Hello, all! I'm writing the Italian dialogues (for dubbing) for *"The Lady"* (the movie). There are several mistakes, on the original script, the person who wrote it obviously doesn't know Burman at all.
So, I would like to know if a name of a city / village "in the mountains" could be *Rijina*. I didn't find it on the Net. 
Thank you for your help! 
D.


----------



## L'irlandais

Ciao danalto,
Rijina sounds like someone's first name. (Popular in Nepal for instance.) 


> Example :  Rijina Viiw (رجاوية حميمقة) a fashion model on facebook.


Could you provide a line or two of the dialogue, to help understand the context a little better?


----------



## danalto

L'irlandais said:


> Ciao danalto,
> Rijina sounds like someone's first name. (Popular in Nepal for instance.)
> Could you provide a line or two of the dialogue, to help understand the context a little better?



Sure! Here it is!

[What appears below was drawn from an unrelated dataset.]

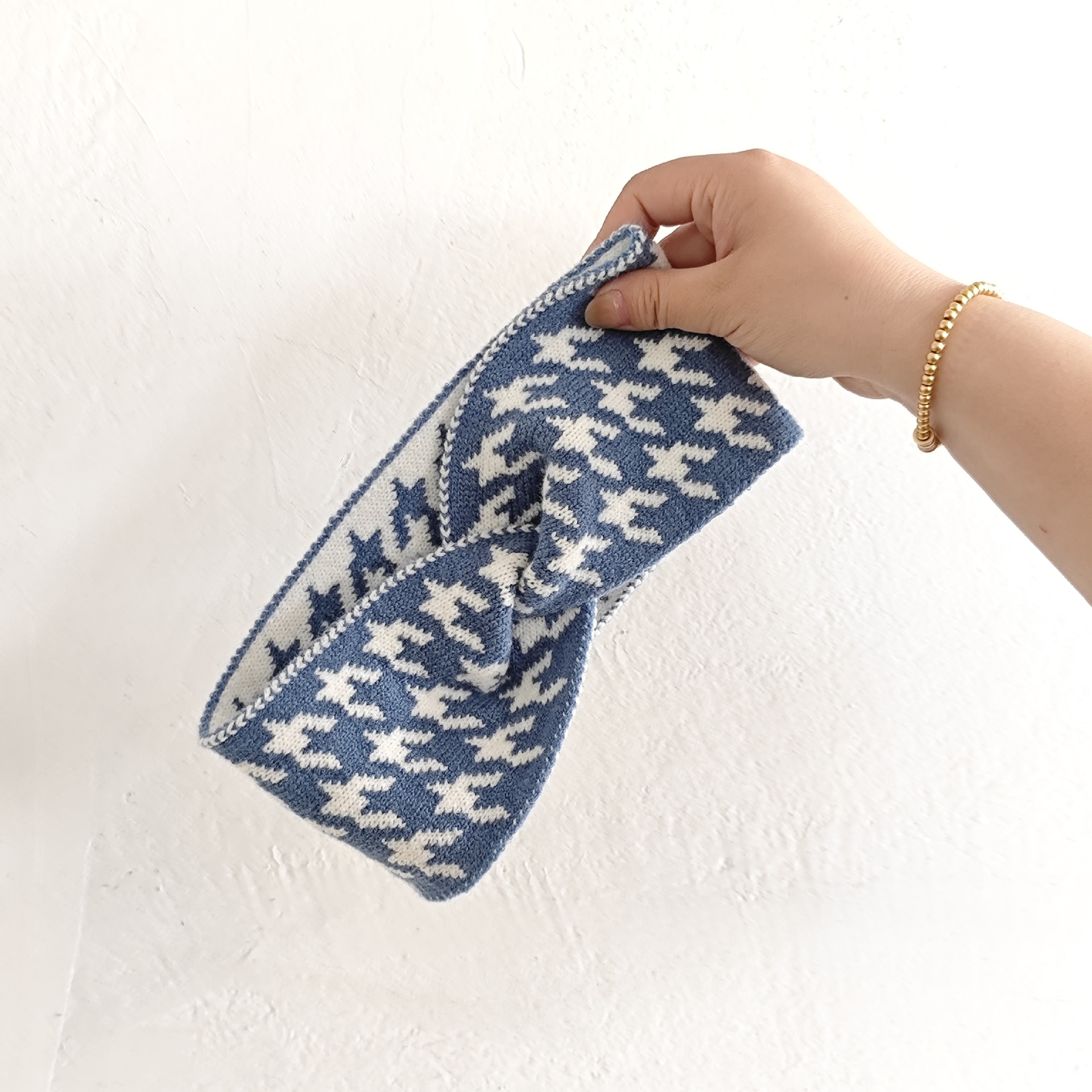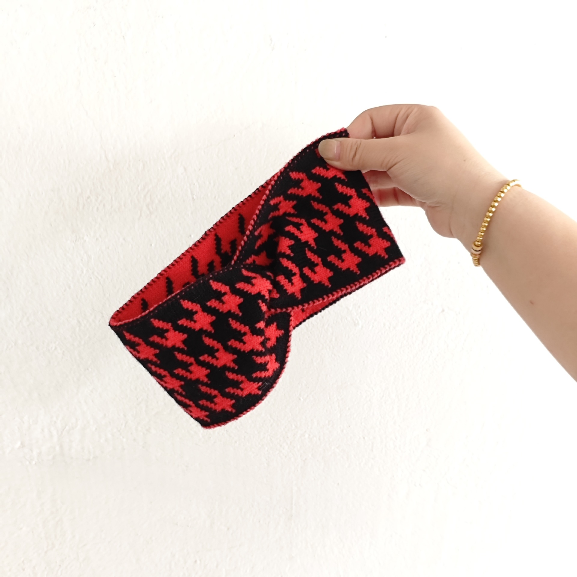 网红千鸟格毛线发带女复古针织交叉宽边发箍时尚百搭简约洗脸头饰

Please note: the question marks...are on the original script!!!!  The guy is talking to Aung Sun Suu Kyi.

NLD GUY
You have to unify all minorities but Rijina (???) is in the middle of the mountains.


----------



## L'irlandais

An on-line clickable map of *Burma* shows which of the countries minority populations live in the mountains. 


> (Ethnic groups :  Tibetan, Drung, Lisu & Nu all live up in the mountains.)


Perhaps the member of the "National League for Democracy" party is refering to an individual of one of these groups?  That line is along the lines of _ "Difficult to inspire unity, when one (Rijina (perhaps?)) is so isolated geographically"._  To be honest, without having seen the whole film I'm unable to help you further.

Bye,


----------



## danalto

L'irlandais said:


> An on-line clickable map of *Burma* shows which of the countries minority populations live in the mountains.
> Perhaps the member of the "National League for Democracy" party is refering to an individual of one of these groups?  That line is along the lines of _ "Difficult to inspire unity, when one (Rijina (perhaps?)) is so isolated geographically"._  To be honest, without having seen the whole film I'm unable to help you further.
> 
> Bye,


Thank you for your help!


----------